:: TASK OBJECTIVE ::
Write out the entries, please, from the line containing "Tavimart Loose Casual" through their final line, exactly and with nothing else.

:: MATERIAL TO PROCESS ::

================

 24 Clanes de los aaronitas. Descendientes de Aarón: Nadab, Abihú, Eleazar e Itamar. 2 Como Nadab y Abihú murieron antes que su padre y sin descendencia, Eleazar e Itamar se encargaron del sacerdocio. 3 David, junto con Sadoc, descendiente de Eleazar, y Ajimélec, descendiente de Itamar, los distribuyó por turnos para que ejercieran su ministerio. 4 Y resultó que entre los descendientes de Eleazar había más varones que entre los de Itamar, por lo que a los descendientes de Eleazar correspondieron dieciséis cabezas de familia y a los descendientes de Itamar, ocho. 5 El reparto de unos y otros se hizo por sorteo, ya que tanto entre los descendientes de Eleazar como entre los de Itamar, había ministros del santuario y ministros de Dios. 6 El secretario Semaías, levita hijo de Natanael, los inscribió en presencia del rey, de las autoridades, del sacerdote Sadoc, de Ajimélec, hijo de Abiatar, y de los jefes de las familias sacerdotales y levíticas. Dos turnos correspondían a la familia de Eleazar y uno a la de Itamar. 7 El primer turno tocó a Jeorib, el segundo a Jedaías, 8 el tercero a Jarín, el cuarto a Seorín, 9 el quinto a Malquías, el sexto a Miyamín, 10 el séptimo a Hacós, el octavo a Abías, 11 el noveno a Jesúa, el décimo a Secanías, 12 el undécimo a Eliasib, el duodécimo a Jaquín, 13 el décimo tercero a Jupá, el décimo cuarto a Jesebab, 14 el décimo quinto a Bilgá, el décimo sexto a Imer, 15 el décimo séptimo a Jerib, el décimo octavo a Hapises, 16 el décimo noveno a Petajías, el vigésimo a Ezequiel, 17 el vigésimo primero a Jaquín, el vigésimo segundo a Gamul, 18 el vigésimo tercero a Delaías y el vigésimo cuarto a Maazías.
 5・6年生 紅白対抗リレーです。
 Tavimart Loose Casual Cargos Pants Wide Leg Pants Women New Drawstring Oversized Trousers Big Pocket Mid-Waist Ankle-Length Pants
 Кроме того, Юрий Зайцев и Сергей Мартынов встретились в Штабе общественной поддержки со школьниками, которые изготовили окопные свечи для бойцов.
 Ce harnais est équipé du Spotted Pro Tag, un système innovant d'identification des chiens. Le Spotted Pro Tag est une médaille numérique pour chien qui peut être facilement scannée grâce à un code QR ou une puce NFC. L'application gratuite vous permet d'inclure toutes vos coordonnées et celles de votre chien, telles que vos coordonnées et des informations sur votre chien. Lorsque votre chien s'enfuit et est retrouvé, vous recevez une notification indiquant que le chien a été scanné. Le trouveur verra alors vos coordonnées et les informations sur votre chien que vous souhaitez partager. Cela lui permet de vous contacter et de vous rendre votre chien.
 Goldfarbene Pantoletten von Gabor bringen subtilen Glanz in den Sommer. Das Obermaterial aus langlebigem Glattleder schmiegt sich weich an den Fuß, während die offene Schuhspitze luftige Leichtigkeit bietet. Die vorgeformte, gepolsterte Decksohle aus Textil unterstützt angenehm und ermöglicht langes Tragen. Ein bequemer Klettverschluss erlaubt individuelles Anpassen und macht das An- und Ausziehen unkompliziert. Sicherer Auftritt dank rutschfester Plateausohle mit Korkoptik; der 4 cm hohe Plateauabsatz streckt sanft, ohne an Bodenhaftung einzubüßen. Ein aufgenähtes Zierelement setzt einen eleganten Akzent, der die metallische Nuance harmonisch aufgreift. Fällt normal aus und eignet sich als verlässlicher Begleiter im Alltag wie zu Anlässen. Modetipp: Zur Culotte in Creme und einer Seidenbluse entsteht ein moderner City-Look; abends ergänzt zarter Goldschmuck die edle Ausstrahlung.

================

:: RESULT OF THIS EXERCISE ::
 Tavimart Loose Casual Cargos Pants Wide Leg Pants Women New Drawstring Oversized Trousers Big Pocket Mid-Waist Ankle-Length Pants
 Кроме того, Юрий Зайцев и Сергей Мартынов встретились в Штабе общественной поддержки со школьниками, которые изготовили окопные свечи для бойцов.
 Ce harnais est équipé du Spotted Pro Tag, un système innovant d'identification des chiens. Le Spotted Pro Tag est une médaille numérique pour chien qui peut être facilement scannée grâce à un code QR ou une puce NFC. L'application gratuite vous permet d'inclure toutes vos coordonnées et celles de votre chien, telles que vos coordonnées et des informations sur votre chien. Lorsque votre chien s'enfuit et est retrouvé, vous recevez une notification indiquant que le chien a été scanné. Le trouveur verra alors vos coordonnées et les informations sur votre chien que vous souhaitez partager. Cela lui permet de vous contacter et de vous rendre votre chien.
 Goldfarbene Pantoletten von Gabor bringen subtilen Glanz in den Sommer. Das Obermaterial aus langlebigem Glattleder schmiegt sich weich an den Fuß, während die offene Schuhspitze luftige Leichtigkeit bietet. Die vorgeformte, gepolsterte Decksohle aus Textil unterstützt angenehm und ermöglicht langes Tragen. Ein bequemer Klettverschluss erlaubt individuelles Anpassen und macht das An- und Ausziehen unkompliziert. Sicherer Auftritt dank rutschfester Plateausohle mit Korkoptik; der 4 cm hohe Plateauabsatz streckt sanft, ohne an Bodenhaftung einzubüßen. Ein aufgenähtes Zierelement setzt einen eleganten Akzent, der die metallische Nuance harmonisch aufgreift. Fällt normal aus und eignet sich als verlässlicher Begleiter im Alltag wie zu Anlässen. Modetipp: Zur Culotte in Creme und einer Seidenbluse entsteht ein moderner City-Look; abends ergänzt zarter Goldschmuck die edle Ausstrahlung.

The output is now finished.